WHAT IS REQUIRED ::
What is needed here is an exact printout of the data, with no pictures included.

DATA LISTING ::
= Beginning of Section =
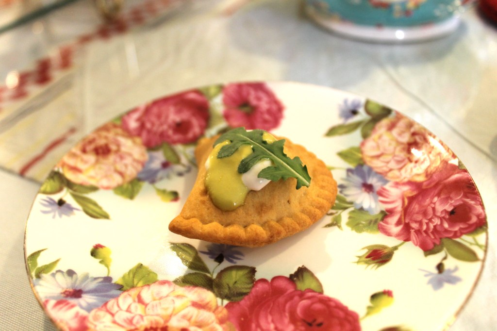 Savory Tea Hors D’oeuvre (Black Bean Empanada) – The girls loved this one! The pastry was well done, the beans were not dry, and the toppings complimented it stunningly.
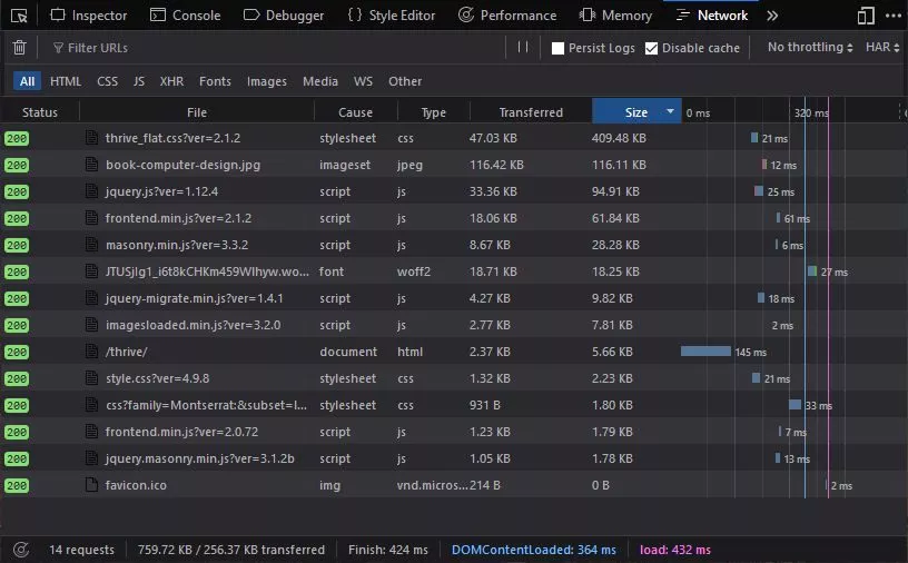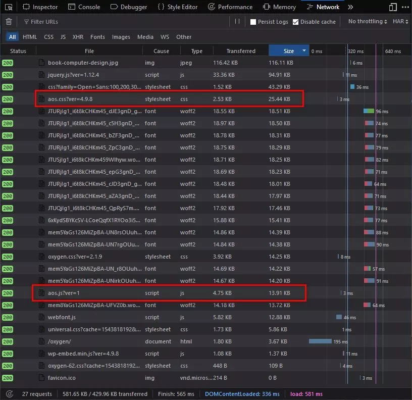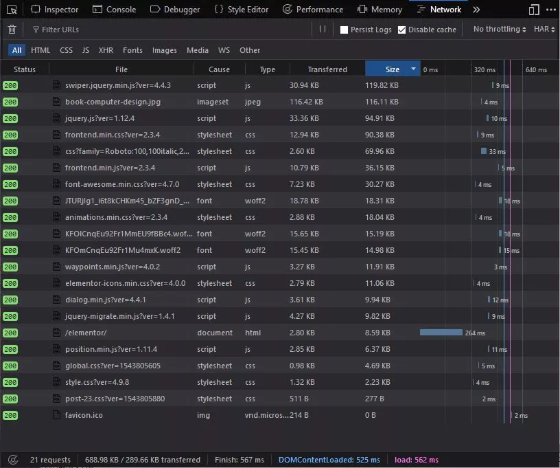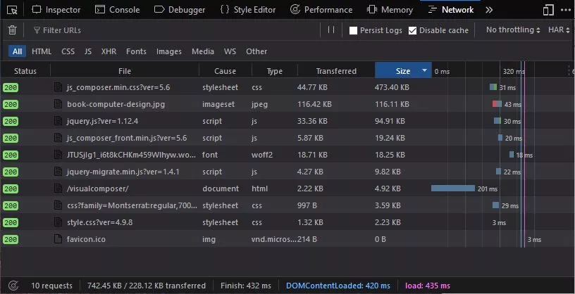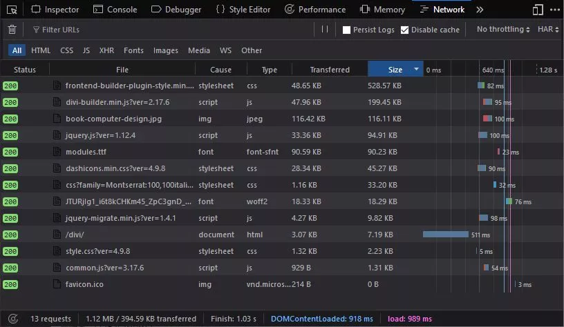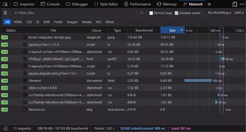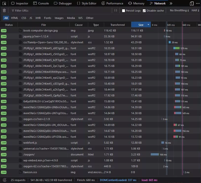 Dans les captures d’écran qui suivent, je retiens seulement la vraie taille des fichiers (Size) et non la taille lors des transferts. D’où le choix d’avoir utilisé le devtools de Firefox. Il est le seul a donner la vraie taille.
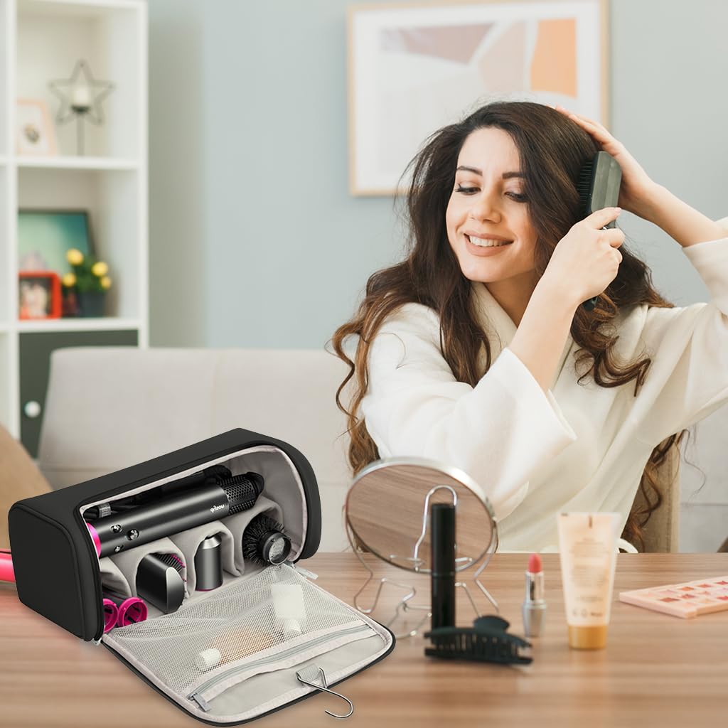 MAYCREATE Travel Storage Bag for Dyson Airwrap featuring 5 Compartments and Hanging Hook | Waterproof PU Organizer for Hair Tools
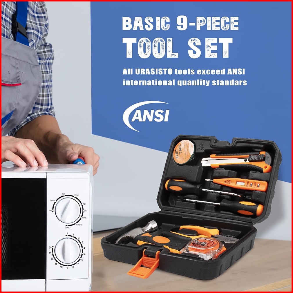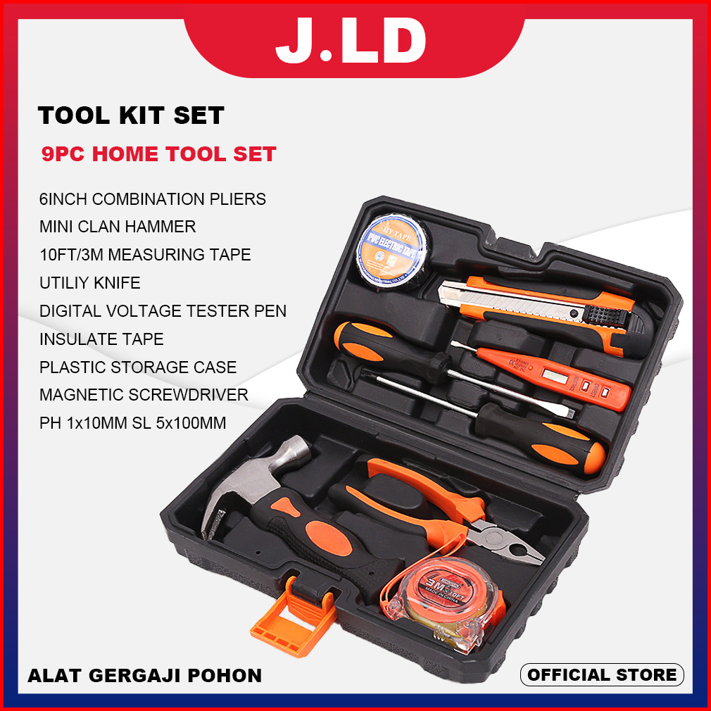 Jld Toolkit Set 9pcs Alat Pertukangan Palu Handtool Box Perkakas Tukang Lengkap Tang Obeng Meteran Cutter Tespen
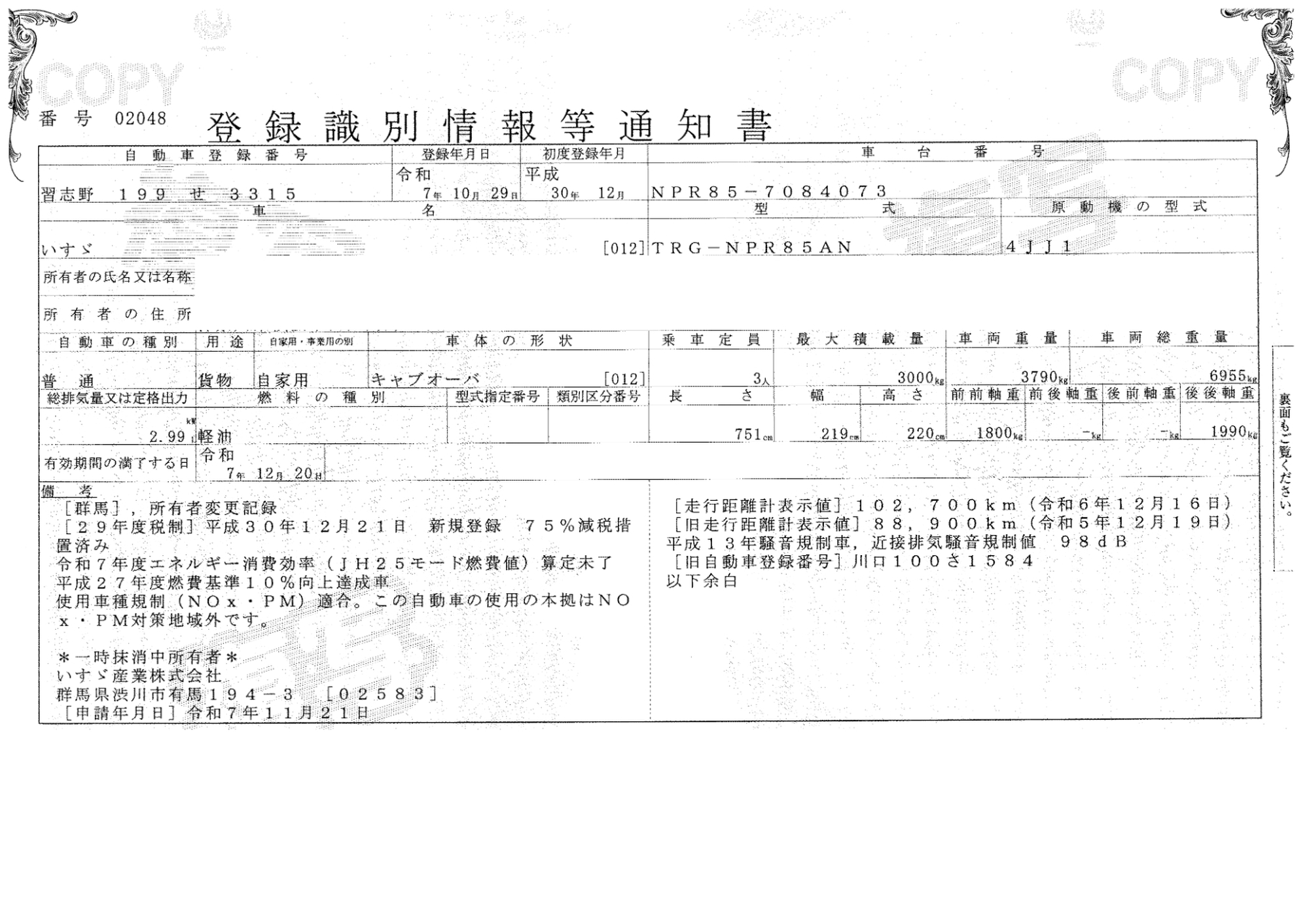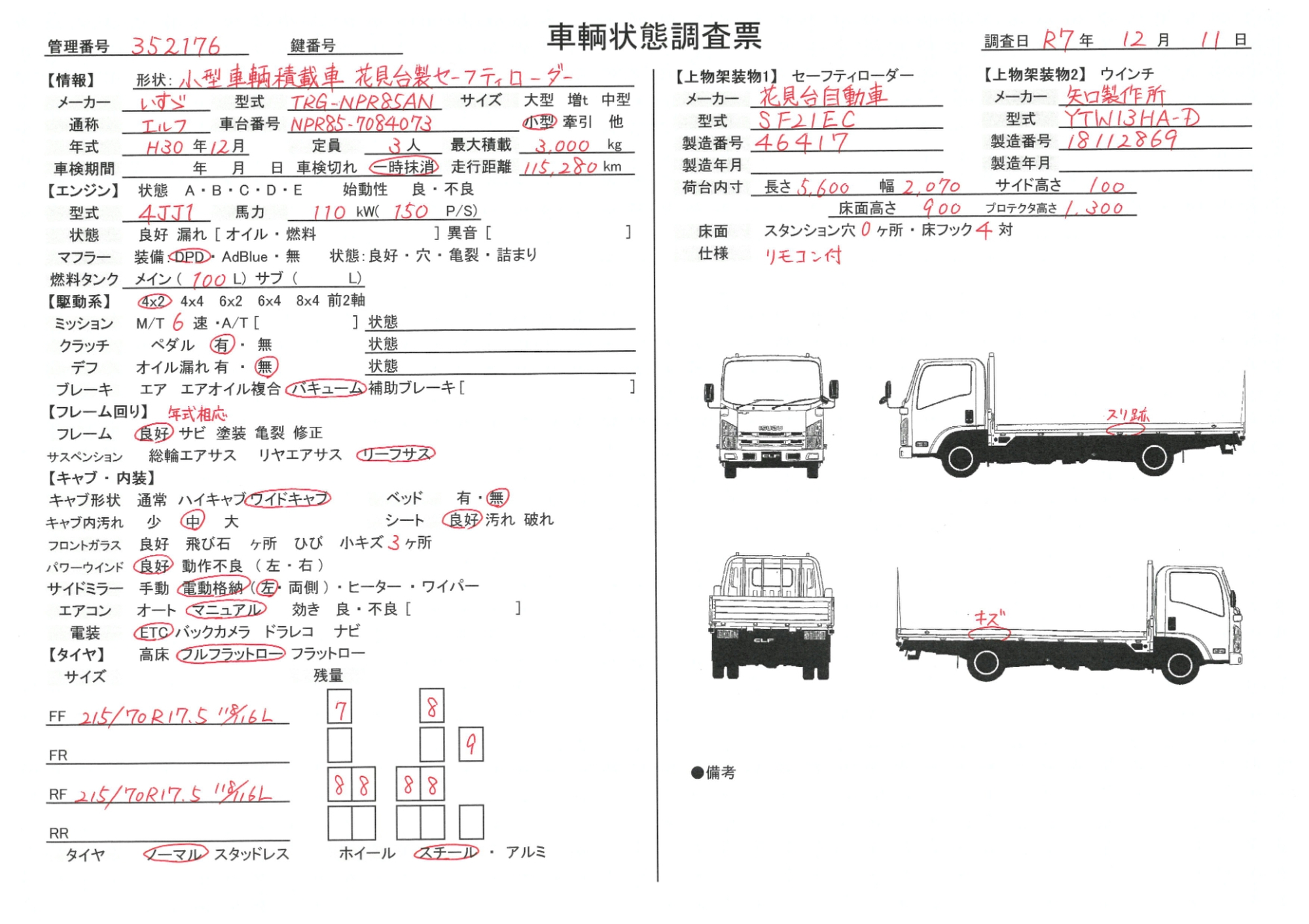 | 車両型式 | TRG-NPR85AN | 車体番号 | NPR85-708**** |
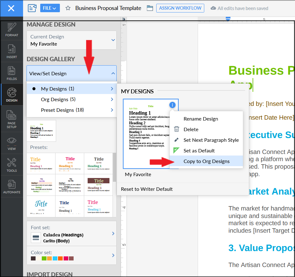 ユーザーは「マイデザイン」、「組織デザイン」、または「プリセットデザイン」から任意のデザインを選び、初期設定としてすべての作成ドキュメントに適用できます。
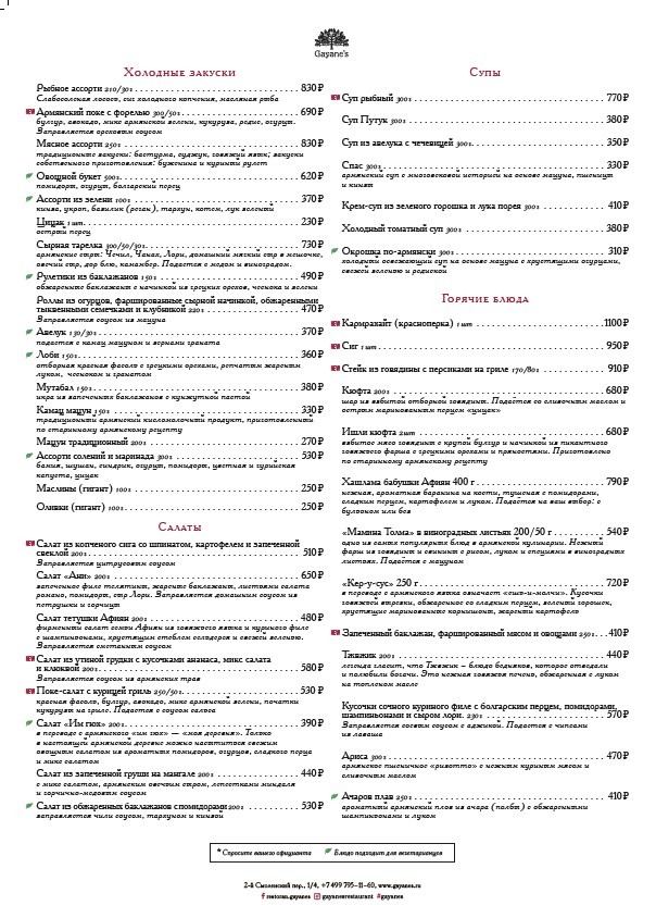 Ресторан Гаяне'С – семейное заведение армянской кухни, где гостей ждет по-домашнему теплая обстановка, вкусные блюда, приготовленные по традиционным рецептам, а также всегда приветливый персонал.
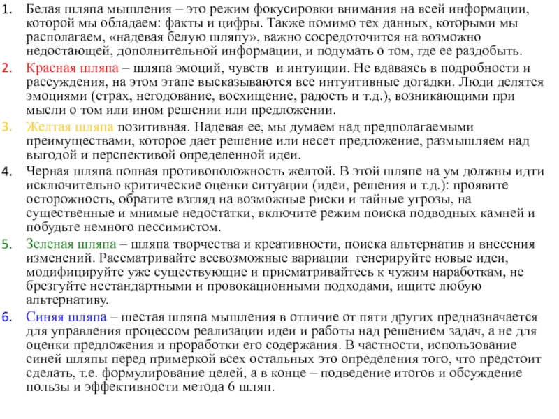 Слайд 44Белая шляпа мышления – это режим фокусировки внимания на всей информации,
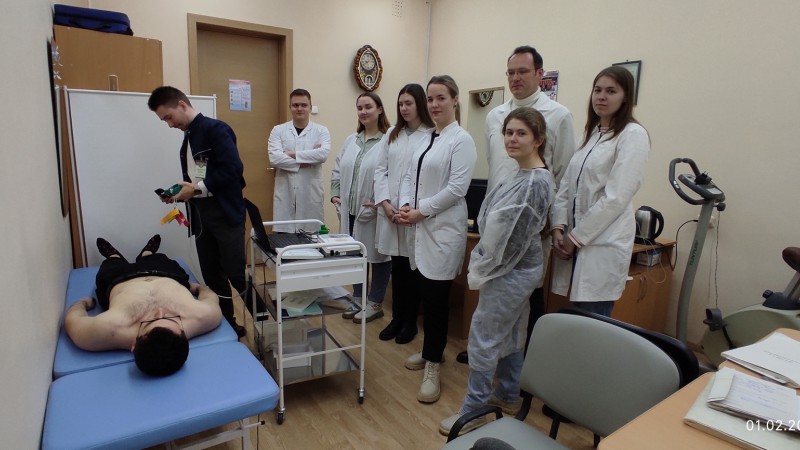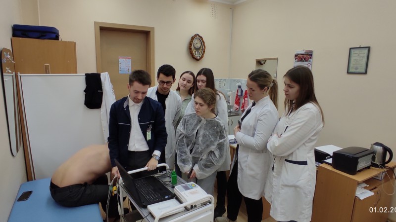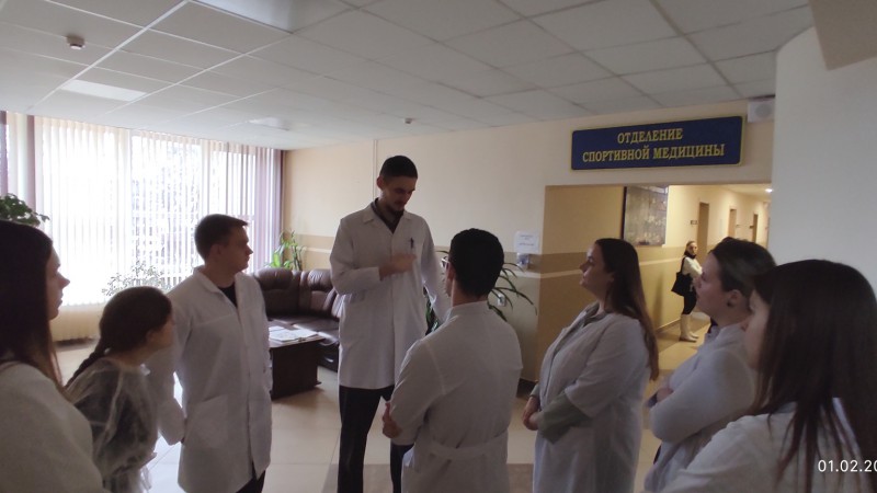 Врач спортивной медицины Шулейко О.Б. провел для участников экскурсию по диспансеру и познакомил с методами, применяемыми в процессе диагностики, лечения и реабилитации спортсменов. В завершение экскурсии врач спортивной медицины Андрейчик К.О. продемонстрировал студентам работу уникальной системы многофакторной экспресс-диагностики прогнозирования реакции на физическую нагрузку. В процессе диагностики у некоторых участников школы был обнаружен высокий уровень физической подготовленности.
= End of Section =
WRITTEN SOLUTION ::
 Savory Tea Hors D’oeuvre (Black Bean Empanada) – The girls loved this one! The pastry was well done, the beans were not dry, and the toppings complimented it stunningly.
 Dans les captures d’écran qui suivent, je retiens seulement la vraie taille des fichiers (Size) et non la taille lors des transferts. D’où le choix d’avoir utilisé le devtools de Firefox. Il est le seul a donner la vraie taille.
 MAYCREATE Travel Storage Bag for Dyson Airwrap featuring 5 Compartments and Hanging Hook | Waterproof PU Organizer for Hair Tools
 Jld Toolkit Set 9pcs Alat Pertukangan Palu Handtool Box Perkakas Tukang Lengkap Tang Obeng Meteran Cutter Tespen
 | 車両型式 | TRG-NPR85AN | 車体番号 | NPR85-708**** |
 ユーザーは「マイデザイン」、「組織デザイン」、または「プリセットデザイン」から任意のデザインを選び、初期設定としてすべての作成ドキュメントに適用できます。
 Ресторан Гаяне'С – семейное заведение армянской кухни, где гостей ждет по-домашнему теплая обстановка, вкусные блюда, приготовленные по традиционным рецептам, а также всегда приветливый персонал.
 Слайд 44Белая шляпа мышления – это режим фокусировки внимания на всей информации,
 Врач спортивной медицины Шулейко О.Б. провел для участников экскурсию по диспансеру и познакомил с методами, применяемыми в процессе диагностики, лечения и реабилитации спортсменов. В завершение экскурсии врач спортивной медицины Андрейчик К.О. продемонстрировал студентам работу уникальной системы многофакторной экспресс-диагностики прогнозирования реакции на физическую нагрузку. В процессе диагностики у некоторых участников школы был обнаружен высокий уровень физической подготовленности.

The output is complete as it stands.